鉄ペンという選択

 万年筆を買った。パイロット社のカスタムという万年筆の定番のシリーズだ。そのなかでもペン先がステンレスでできている鉄ペンといわれるものを選んだ。万年筆ファンの極右からは邪道といわれるだろう代物だ。万年筆といえばペン先が金で滑らかな書き味と、適度な摩耗性が愛着を呼ぶものである。一方、鉄ペンは扱いが悪いと少し紙に引っかかり、撓ることもない。細字のボールペンを使うほうが機能的ではといわれてもおかしくない。
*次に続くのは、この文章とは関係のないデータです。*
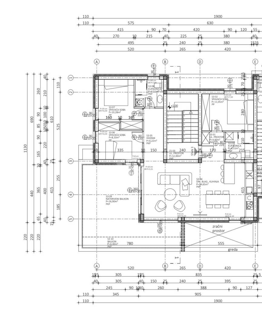 Stambeni prostor 116,32m2 + Terasa 27 m2 + 2 Parkinga ukupno 141,57m2.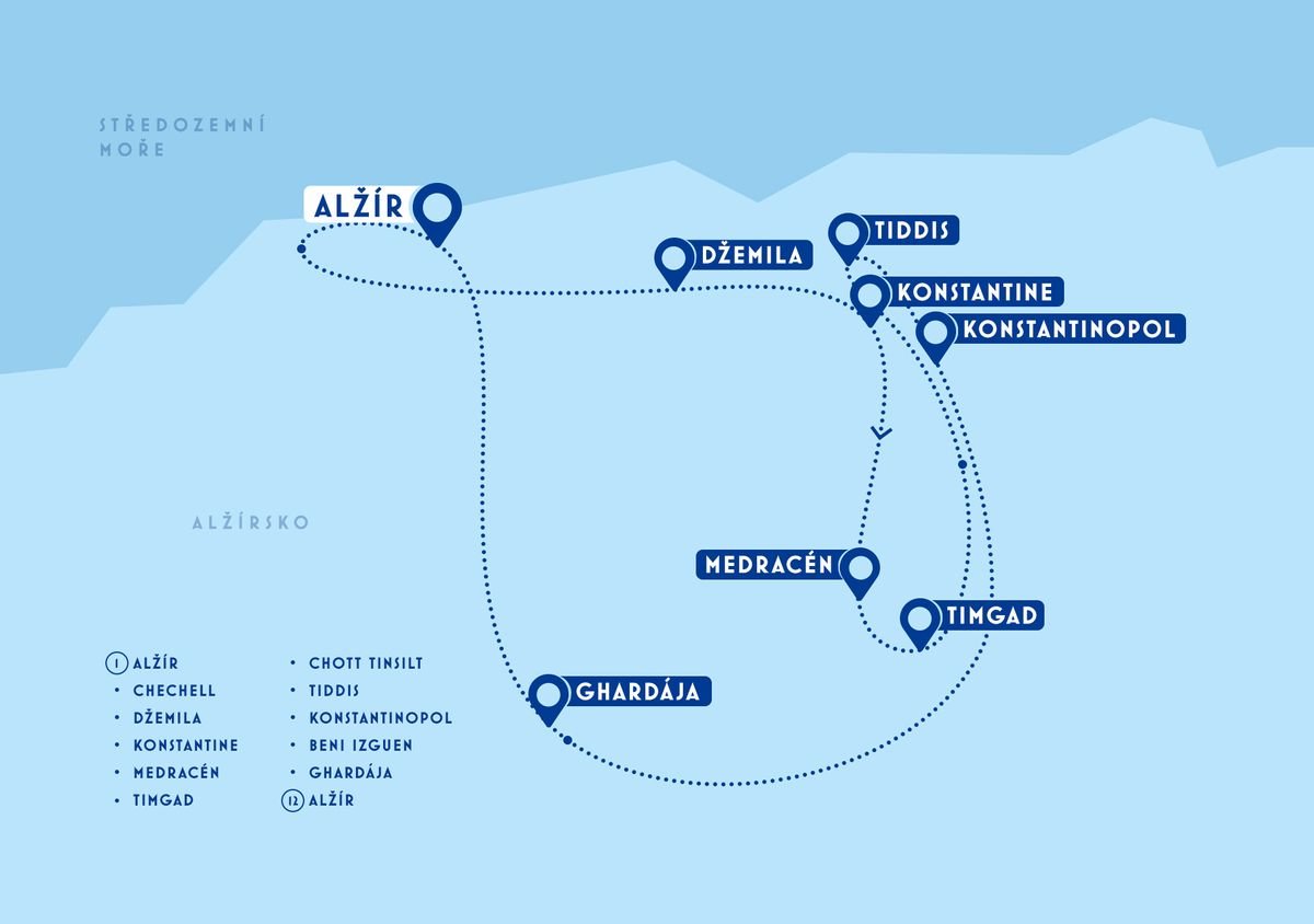 Alžírsko – poklad severní Afriky mezi Saharou a Středozemním mořem. Vydejte se s námi do Alžírska, země fascinujících kontrastů, kde se snoubí římské dědictví, arabská kultura a saharská poezie. Projdete se historickým Alžírem s jeho koloniální elegancí, navštívíte Cherchell, někdejší římskou Caesareu, i dechberoucí antické město Džemila, které patří k nejzachovalejším v celé Africe. V Konstantině, městě visutých mostů, pocítíte dramatickou krásu skalních kaňonů, zatímco Tiddis a Timgad vám odhalí stopy dávné římské civilizace. Zastavíte se u jezera Chott Tinsilt, uvidíte královskou hrobku Medracén i mystickou Ghardaïu, berberské město zapsané na seznamu UNESCO, kde se čas zastavil. Alžírsko vás okouzlí autentickou atmosférou, tichou krásou Sahary a dotekem historie, která se tu psala tisíce let.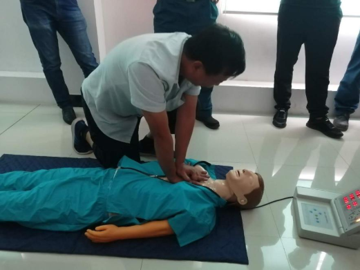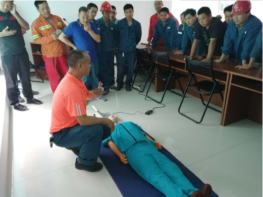 培訓采用仿真人體模型提示和反饋裝置進行,通過模擬仿真,使學員較快掌握胸外按壓的位置、頻率、力度和按壓的次數,收到較好的教學效果。公司安環部要求參訓的人員做好針對全體員工的轉訓工作,并將不定期進行抽查和檢查。

 さて、ここで自分なりに鉄ペンを擁護したい。まずは頑強性である。撓らないのは硬さの裏返しであり、仕事で速記するのにいいし、書類の小さい枠にも的確に筆記できる。少ない文字を速く書くことが求められる現代人に向いているのだ。また、摩耗しないので持ち主のクセに左右されず、メンテナンスの頻度も少なくて済む。ここに精神的な安定性や、プラグマティズムを見出す。鉄ペンは速く的確に仕事をしてくれるのだ。金ペンは香り高い文章をゆっくり紡ぎ出すイメージだ。近代の書簡や対人間の紹介状など、手書きの書類が力を持っていた時代のものだ。また、現代においても重厚な散文、韻文を紡ぎ出す道具だ。鉄ペンは加速化してしまった社会生活と、ゆったりとした文芸生活を橋渡しする存在でもある。
 市井に生きる人間はなかなか金ペン的な生き方はできない。生業でも創作でも時間を見つけてせかせか書く鉄ペンな生き方を余儀なくされる。しかし、ノック音の軽い樹脂製ボールペンよりいくらもマシなのだ。鉄ペンとともにマージナルに生きている自負がある。沖仲士の哲学と称されるエリック・ホッファーはどんなペンを使っていただろう。ボールペンかもしれない。沖仲士は鉄ペンなんて悠長なものは使っていられないだろう。